Exact copy, pictures excluded: print the lines from the one with "À l’intérieur, l’espace" through the final line of the records.

Start of Supplied material

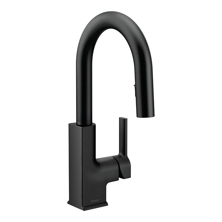 The Moen Matte black one-handle high arc pull down bar faucet reflects the diverse selection of thoughtfully designed kitchen and bath faucets, showerheads, accessories, bath safety products and kitchen sinks from industry leader Moen. Each Moen product delivers the best possible combination of innovation, useful features, and lasting value.
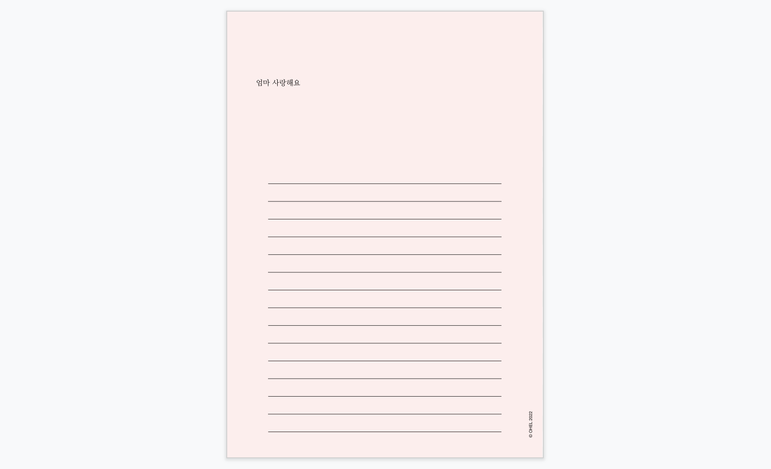 사이즈는 A4용지(210 x 297mm)로 작성되었습니다. 편하게 1장씩 뽑아 쓰시기 좋습니다. 인쇄 퀄리티를 위해서 남은 잉크의 양을 확인하시고, 편지지는 잉크를 많이 채운 상태에서 고품질로 (양면) 인쇄해 주시면 더욱 좋습니다.
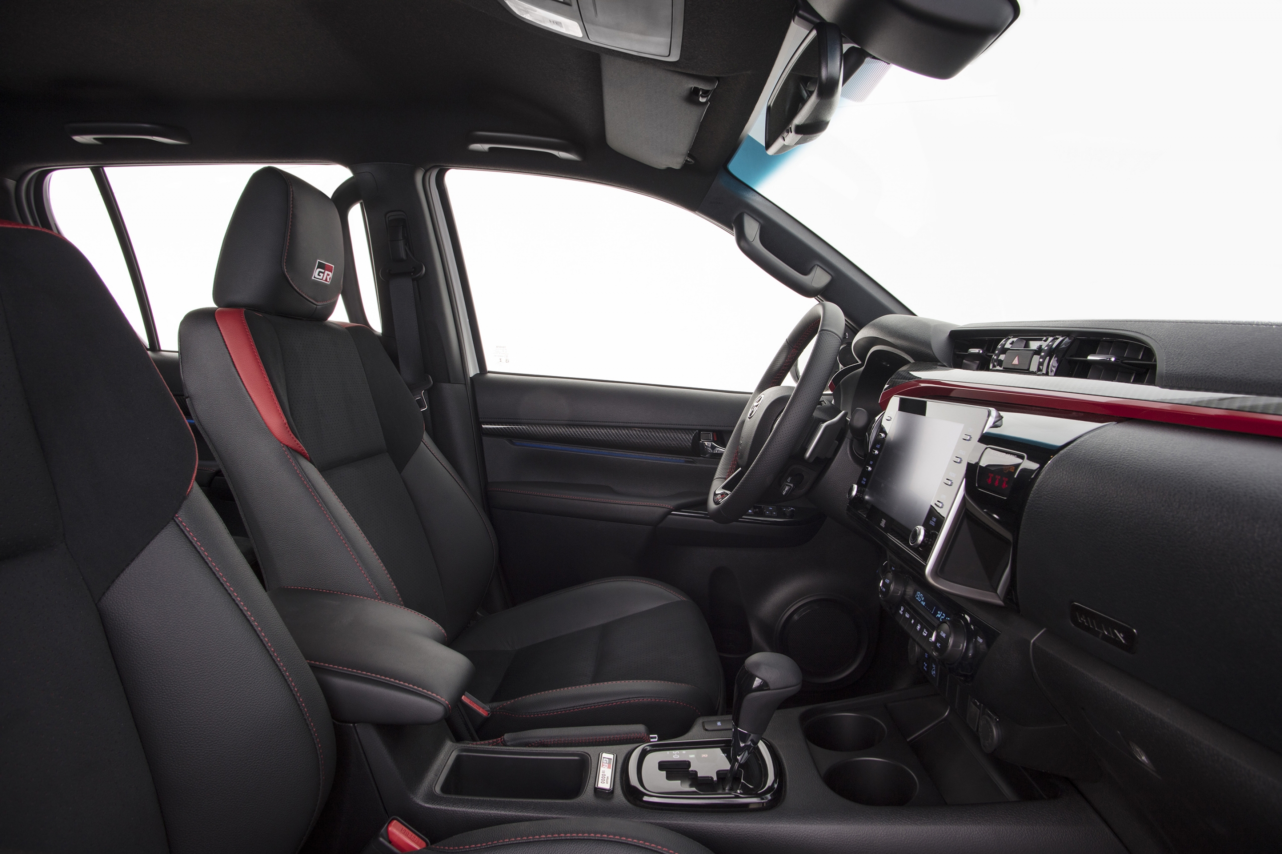 Internamente, a nova Hilux GR-S ganhou bancos dianteiros com acabamento exclusivo que combinam couro natural e ecológico e Suede® perfurado, com costura vermelha e personalização GAZOO Racing. O preço sugerido é de R$ 348.790,00*
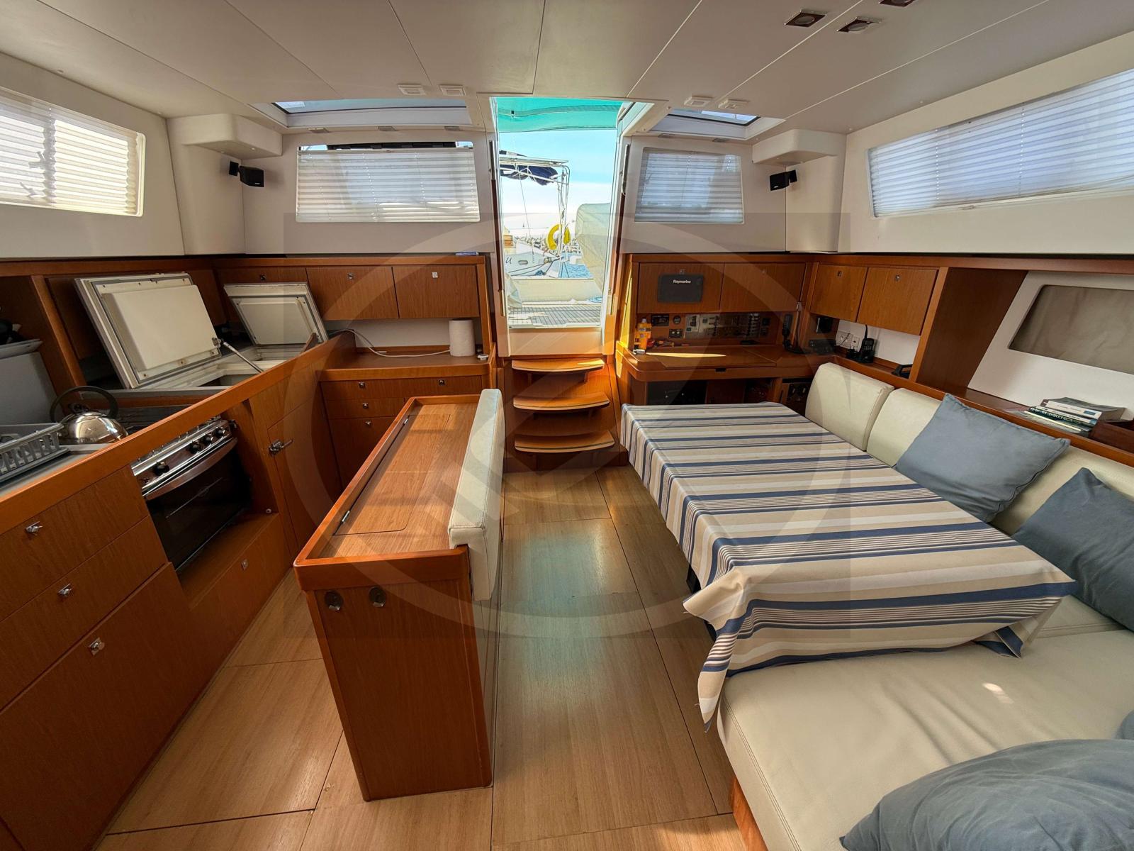 À l’intérieur, l’espace est baigné de luminosité naturelle grâce à de larges vitrages panoramiques. Cette version 3 cabines propose un aménagement luxueux et fonctionnel, idéal pour les longues croisières en toute intimité. Chaque détail, signé Nauta Design, a été pensé pour offrir une circulation fluide et une atmosphère sereine, proche de celle d'un loft flottant.
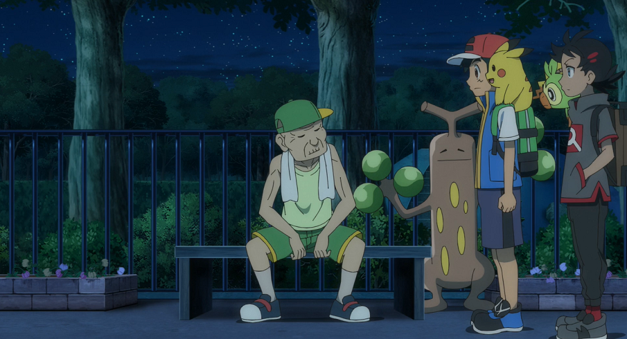 Die beiden kommen in der Stadt an, in der tiefe Nacht ist, obwohl zeitlich eigentlich Morgen wäre. Ash und Goh können beobachten, wie die Menschen dennoch versuchen, ihren normalen Tagesablauf zu leben. Dabei treffen sie auf einen älteren Mann, der gerade versucht, seinen Frühsport zu machen, jedoch, genauso wie sein Mogelbaum, ziemlich müde ist. Er berichtet ihnen, dass dieser Zustand nun bereits seit einer Woche anhalte. Neben den Auswirkungen auf den Biorhythmus mache die permanente Nacht auch den Blumen zu schaffen, die ohne das Sonnenlicht verwelken. Auch die Kramurx in der Stadt seien nicht sehr froh, da sie mit Unglück verbunden würden, wenn Menschen ihnen in der Dunkelheit begegnen. Als Goh eines davon auf einem Baum über ihnen sieht, bietet er ihm an, mit ihm zu kommen. Bereitwillig lässt sich das Unlicht-Pokémon mit einem geübten Wurf fangen. Der Mann beschließt, nach Hause zu gehen. Chimpep dagegen kann einigen der welken Blumen mit seinem Schlägel wieder Kraft verleihen. Ash und Goh können am Nachthimmel eine Sternschnuppe entdecken und genießen trotz der Umstände den schönen Sternenhimmel.

End of Supplied material

| Solution to this problem |
 À l’intérieur, l’espace est baigné de luminosité naturelle grâce à de larges vitrages panoramiques. Cette version 3 cabines propose un aménagement luxueux et fonctionnel, idéal pour les longues croisières en toute intimité. Chaque détail, signé Nauta Design, a été pensé pour offrir une circulation fluide et une atmosphère sereine, proche de celle d'un loft flottant.
 Die beiden kommen in der Stadt an, in der tiefe Nacht ist, obwohl zeitlich eigentlich Morgen wäre. Ash und Goh können beobachten, wie die Menschen dennoch versuchen, ihren normalen Tagesablauf zu leben. Dabei treffen sie auf einen älteren Mann, der gerade versucht, seinen Frühsport zu machen, jedoch, genauso wie sein Mogelbaum, ziemlich müde ist. Er berichtet ihnen, dass dieser Zustand nun bereits seit einer Woche anhalte. Neben den Auswirkungen auf den Biorhythmus mache die permanente Nacht auch den Blumen zu schaffen, die ohne das Sonnenlicht verwelken. Auch die Kramurx in der Stadt seien nicht sehr froh, da sie mit Unglück verbunden würden, wenn Menschen ihnen in der Dunkelheit begegnen. Als Goh eines davon auf einem Baum über ihnen sieht, bietet er ihm an, mit ihm zu kommen. Bereitwillig lässt sich das Unlicht-Pokémon mit einem geübten Wurf fangen. Der Mann beschließt, nach Hause zu gehen. Chimpep dagegen kann einigen der welken Blumen mit seinem Schlägel wieder Kraft verleihen. Ash und Goh können am Nachthimmel eine Sternschnuppe entdecken und genießen trotz der Umstände den schönen Sternenhimmel.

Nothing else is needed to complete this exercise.